O interessante é que a dor do paciente não tem simpatia. Já o desconhecimento total, como o que eu apresentava, imediatamente granjeava simpatia. Ajuda instantânea. Miséria gosta de companhia? Algumas misérias, somente.

Ao final, a consulta final. Ao necrotério.

- Alguém desconhecido aí?

Melhor ter, ou melhor não ter?

Que angústia!

Ah, o título? Naqueles hospitais, é só assim que se consegue saúde. Espirrando.

segunda-feira, 1 de setembro de 2008

História não se apaga

Sempre me disseram que Brasília era uma cidade inóspita. Minha experiência desmentiu isto.

Recebi neste blog um comentário de um amigo que há muito não vejo. E que, com sua esposa e filhos, foram companheiros constantes em nossas andanças pela corte. Mais que isto: foi um valioso companheiro de trabalho, daqueles que são capazes de combinar tudo com um olhar.

Tínhamos uma turma, uma grande turma. E todo final de semana nos reuníamos para alguma coisa: churrasco, fondue, feijoada, seja lá p que fosse. O importante era a reunião. E a máxima: "perca o amigo, mas não perca a chance de sacanear".

Quando comecei este blog, era para me divertir. Para dar vazão àquelas conversas pelas quais ninguém tem interesse. Por isto, escrevo. Estes dias, entretanto, uma amiga despediu o blog. Sem aviso prévio. Disse que não me encontrava nos textos, e imagino que seja verdade. Eu raramente me exponho mais do que superficialmente. E ela, assim como esse meu amigo, tiveram acesso a muito mais que isto, por causa de algum castigo, imagino eu. Mas percebi que procuravam, pelos textos, diminuir a distância imposta pelo tempo. Não conseguirão, de fato.

Mas pesou a consciência. Sempre tive, com esse tipo de amigos, conversas muito mais profundas que estes mal digitados textos trazem. E sempre me expondo com a paixão que caracteriza minhas ações. Para quem me conhece, serão somente burocráticos estes textos.

Minha amiga desistiu. Se eu quiser, disse ela, que telefone ou vá visitá-la. Meu amigo, entretanto, está com sua nova casa pelas estradas, um motorhome que o faz um nômade. Para ele, não haverá visitas tão cedo. Mas espero que sim.

Enfim, este espacinho para minha diversão ganha responsabilidade. Uma amiga, que conhece um pouco de meu dia-a-dia disse que sou muito transparente. E outra, que nem sempre sabe o que está acontecendo, me chama de esfinge, acho que pelos segredos que parecem se esconder nas palavras soltas no espaço.

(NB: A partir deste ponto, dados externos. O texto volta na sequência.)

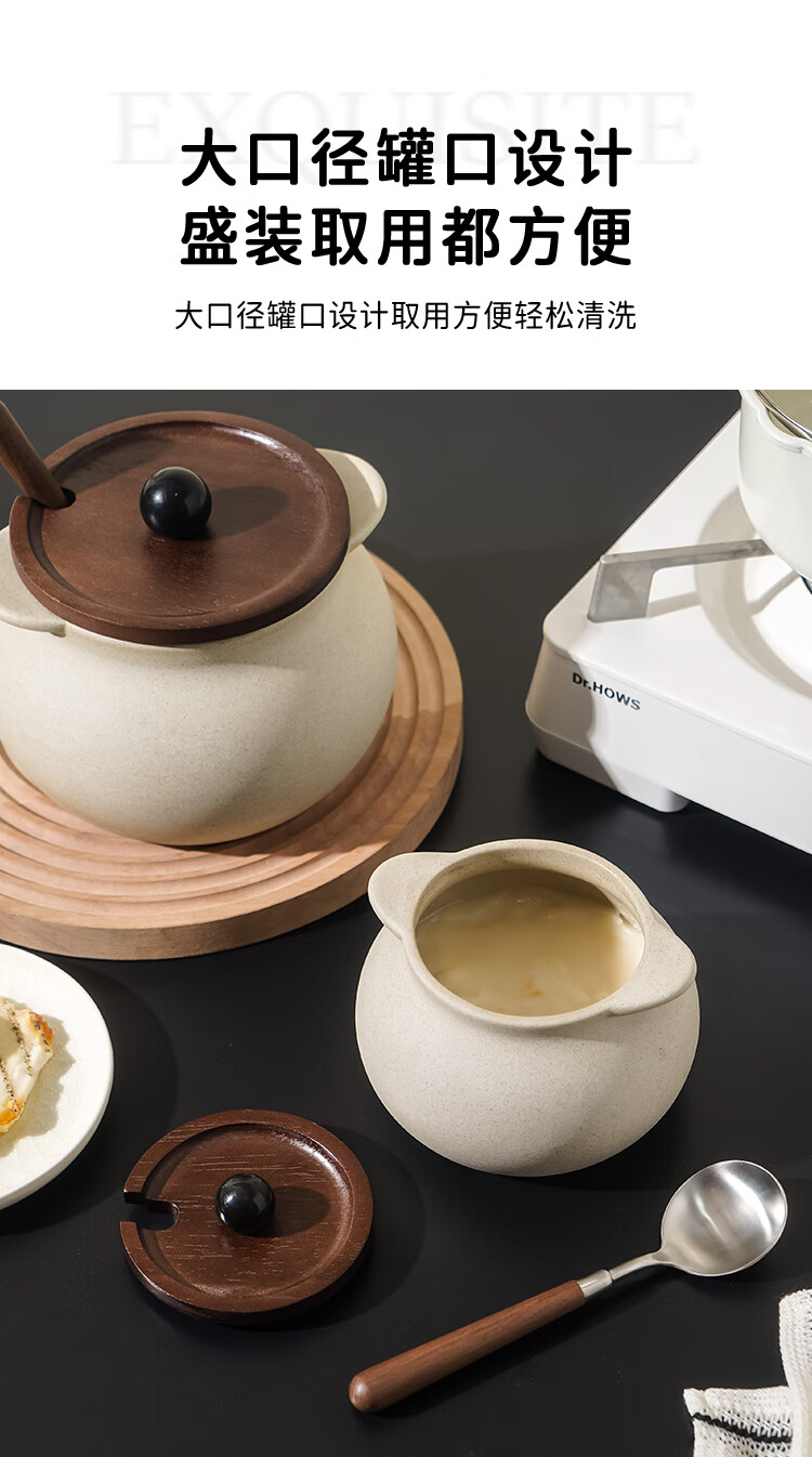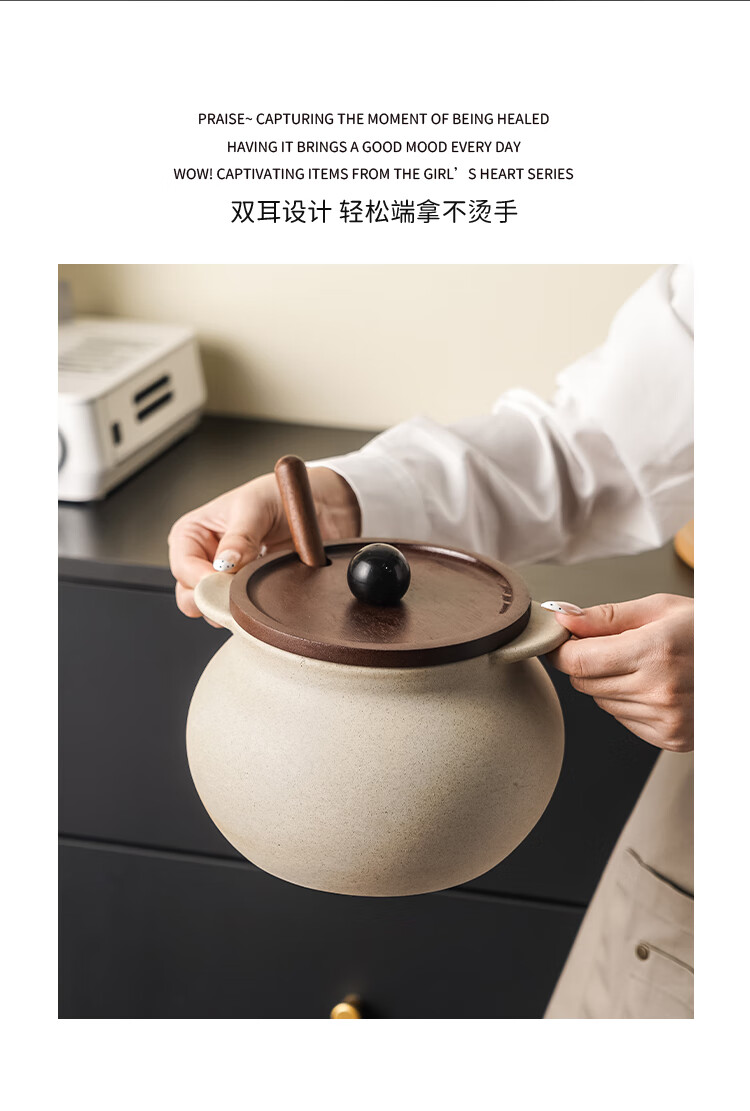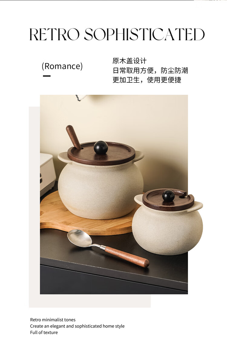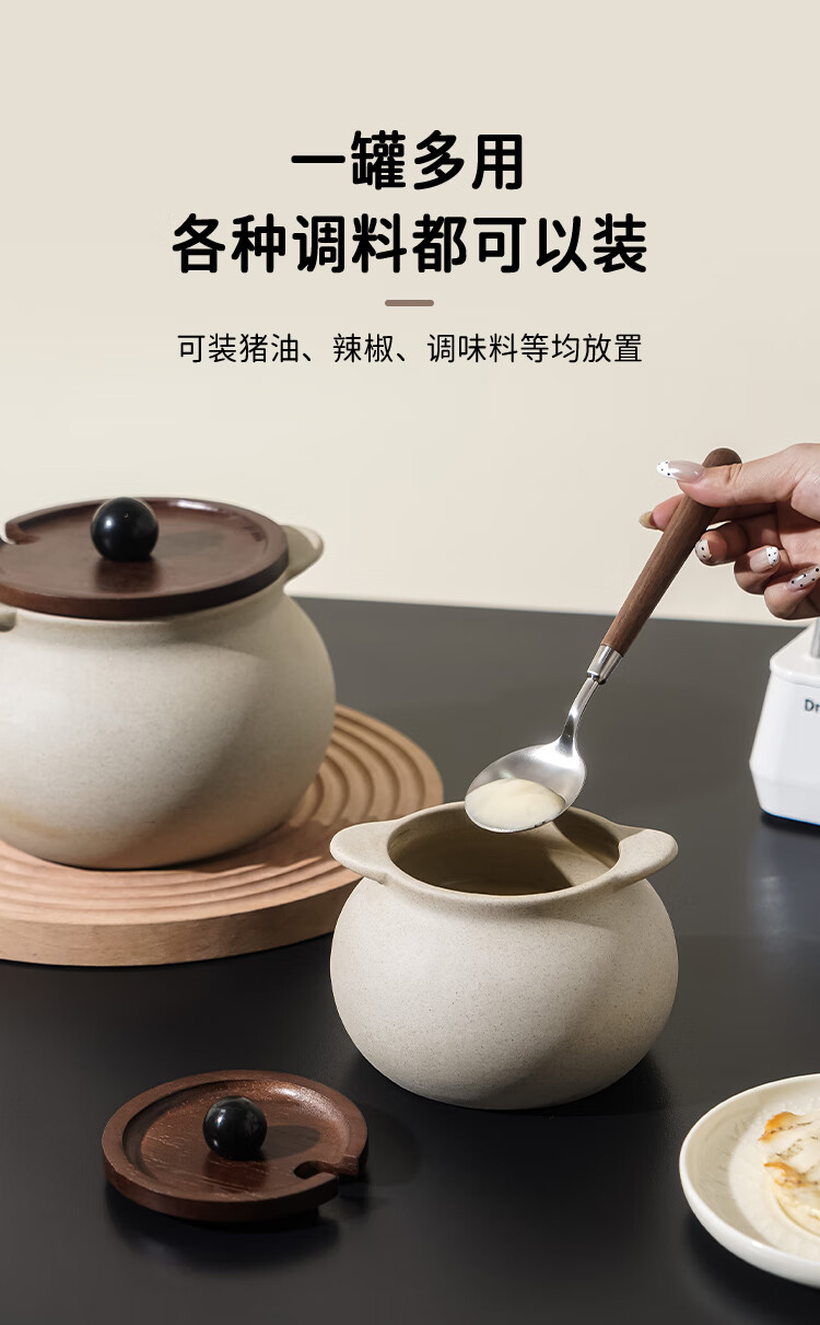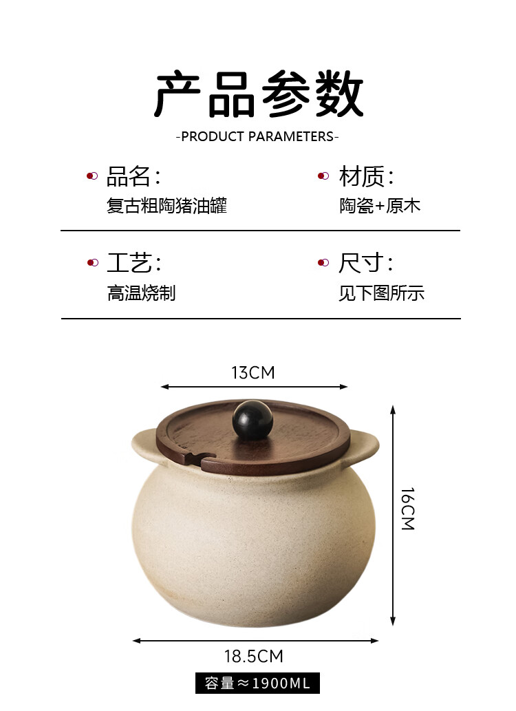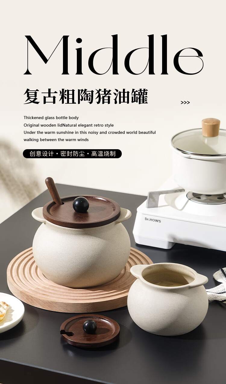 GPHF Japanese light luxury coarse pottery lard tank household high-looking kitchen special large-capacity chili oil tank oil tank meat oil tank wooden lid lard tank - small with spoon
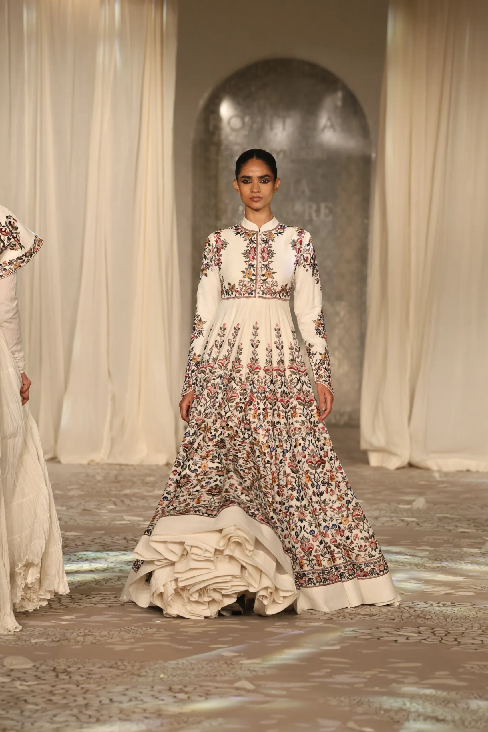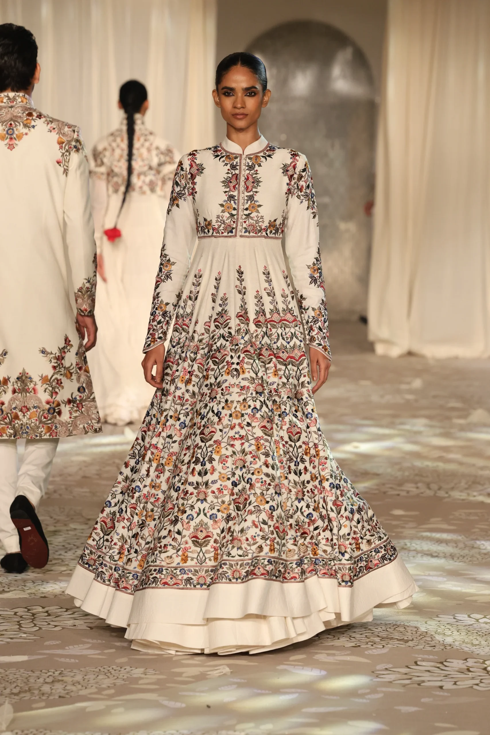 The Anarkali is crafted from matka silk in a serene ivory shade, offering a naturally textured and graceful appearance. Intricate embroidery enhances the neckline, bodice, sleeves, and hem, adding depth while maintaining subtle elegance. A soft inner lining ensures comfort and supports the majestic flare of the silhouette. The clean finishing along the edges further elevates the refined structure.

Os dois amigos a que me referi no início trabalharam comigo. Diretamente. Convivemos durante anos, e compartilhamos muitos momentos. É natural que não "me achem" neste blog. Mas, se procuram, devem encontrar, Vou me esforçar.

Ah, e não divulgo meu blog por causa do caráter "sem compromisso" que quis dar a ele. Mas, como tudo nesta vida, acho que ele ganhou vida própria. Vamos embalá-lo, portanto.

Nossa história nunca se apagará. Mas vou ajudar, registrando aqui a minha versão dos fatos. Às vezes fantasiosa, no mais das vezes piegas, mas minha versão. Afinal, dizem que a verdade não é senão a versão aceita dos fatos.